Frequently Asked Questions and Answers (Q&As)

Q1. What is "context sensitive solutions" (CSS) and how is this different from "context sensitive design" (CSD)?

A. The Federal Highway Administration (FHWA) defines CSS as a collaborative, interdisciplinary, approach that involves all stakeholders in developing a transportation facility that complements its physical setting and preserves scenic, aesthetic, and historic and environmental resources while maintaining safety and mobility. CSD, on the other hand, applies to a transportation project's engineering design features, and may include features that help the project fit harmoniously into the community (e.g., form liners for bridge piers, colored crosswalks, or curbing detail).
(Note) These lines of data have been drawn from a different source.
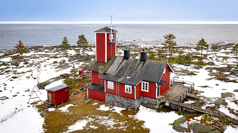 Efter rundturen tar vi plats i bilen för en kort utflykt till Järnäsklubb där länets första lotsplats inrättades 1725, och lades ner 1967. Lotsstugan köptes 2011 av Järnäs byalag och arrenderas i dag av Erik och Erika – nu med tre gästrum och ett välutrustat självhushållskök. En trappa upp väntar sköna fåtöljer och vidsträckt utsikt i lotsarnas utsiktstorn. Utanför dörren leder en delvis översnöad stig ut på klipporna som omger stugan, förbi glesa tallar och runda stenar, ner mot en dyning som frasar mot strandens småstenar.
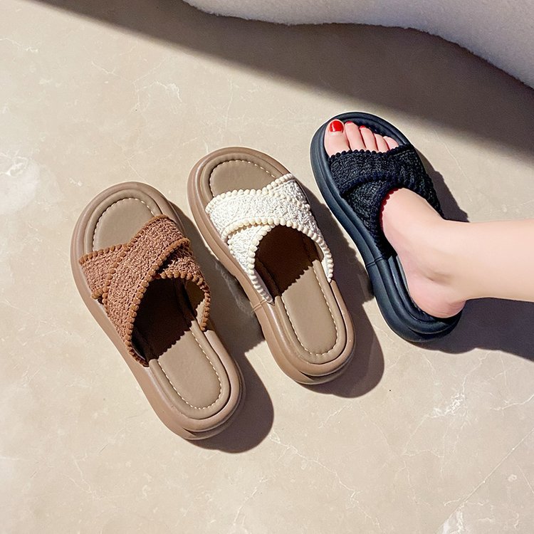 레트로 두꺼운 밑창 일자형 슬리퍼 여성용 2025 여름 신상 외출용 플랫폼 반슬리퍼 스커트와 함께 착용하는 비치 슈즈 여성용스토어 가기
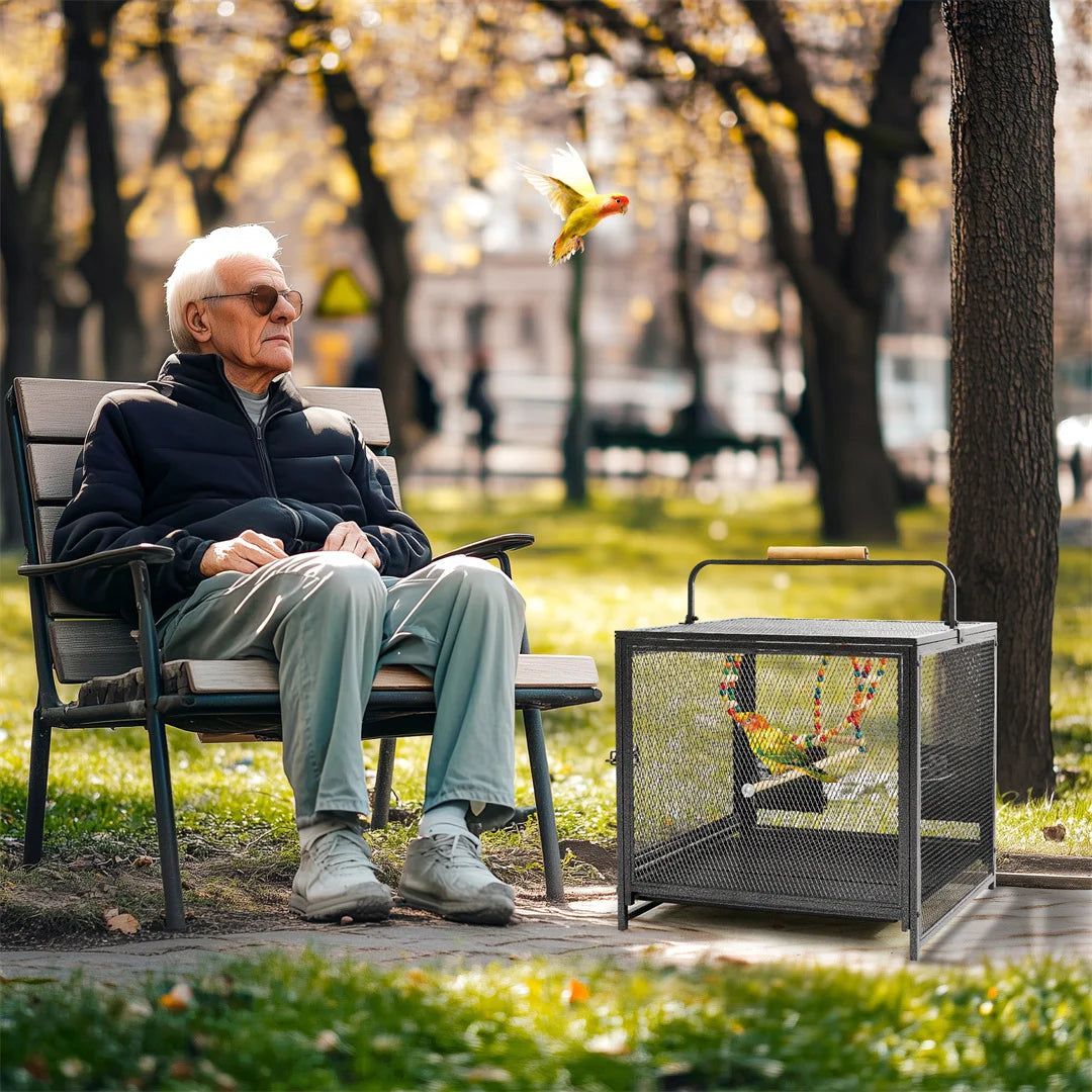 - Bird-friendly design with colorful hammock toys keeps your bird engaged, while a wooden perch and ample space promote natural movement, reduce stress, and suit parrots, conures, lovebirds, cockatiels, or budgies.
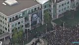 ...ma l'unica ufficiale rilasciata da Apple e distribuita dall'agenzia AP - Associated Press è questa, con il nuovo CEO Tim Cook che arringa la folla. |
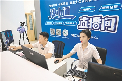 7月30日,工作人员通过直播为群众提供在线咨询服务。为提升政务服务效能,通辽市政务服务中心开通“政小通”全时直播直办服务,为群众提供在线咨询解答、政策解读、帮办代办等服务,实现政务服务“零距离”。
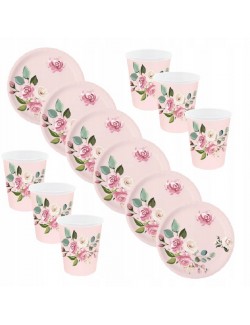 Set 6 pahare carton roz, imprimeu cu Flori, de unica folosinta, capacitate 266 ml.
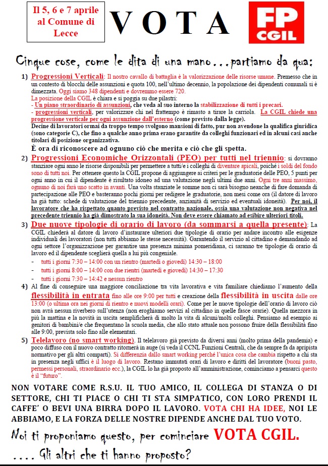 SI COMUNICA CHE LE OPERAZIONI DI SCUTINIO SI TERRANNO IN DATA8 APRILE 2022 a partire dalle ore 9,00 presso la Sala Consiglio sita al piano primo di Palazzo Carafa. Lecce, […]

Q2. What is meant by considering CSS in the transportation planning process?

A. The application of CSS principles within the transportation planning process assists regions and communities reach their transportation goals by encouraging the consideration of land-use, transportation, and infrastructure needs in an integrated manner. When transportation planning reflects community input and takes into consideration the impacts on both natural and human environments, it also promotes partnerships that lead to "balanced" decisionmaking. This is a core principle of CSS.

Typically, transportation planning includes specific goals and objectives for the region, sub-region, and/or major corridors. Among the examples of such goals and objectives include safety for the traveling public; accommodation of bicycles and pedestrians; enhancement of economic development; preservation of the historic character of certain streets or districts; accessibility to transit; minimization of the environmental impacts of roads; and accessibility to jobs and recreation. Through the consideration of CSS principles, these planning-level goals and objectives can be reflected in the initial or early development of individual projects and may convey information for use in defining purpose and need. In addition, CSS considerations in transportation planning can identify issues or decisions facing the region, allowing for consensus and a shared understanding of the major sources of change that impact the future.

Early application of CSS principles in the transportation planning process may save money and reduce project delays, resulting in significant benefits to transportation agencies. Beyond its value as a public-involvement strategy to foster improved community participation, CSS considerations in transportation planning can help identify community needs and potential problems (and solutions) ahead of the project-development/National Environmental Policy Act (NEPA) stage. In February 2005, FHWA and FTA issued program guidance entitled Linking the Transportation Planning and NEPA Processes.

Q3. How can CSS be reflected in a long-range transportation plan?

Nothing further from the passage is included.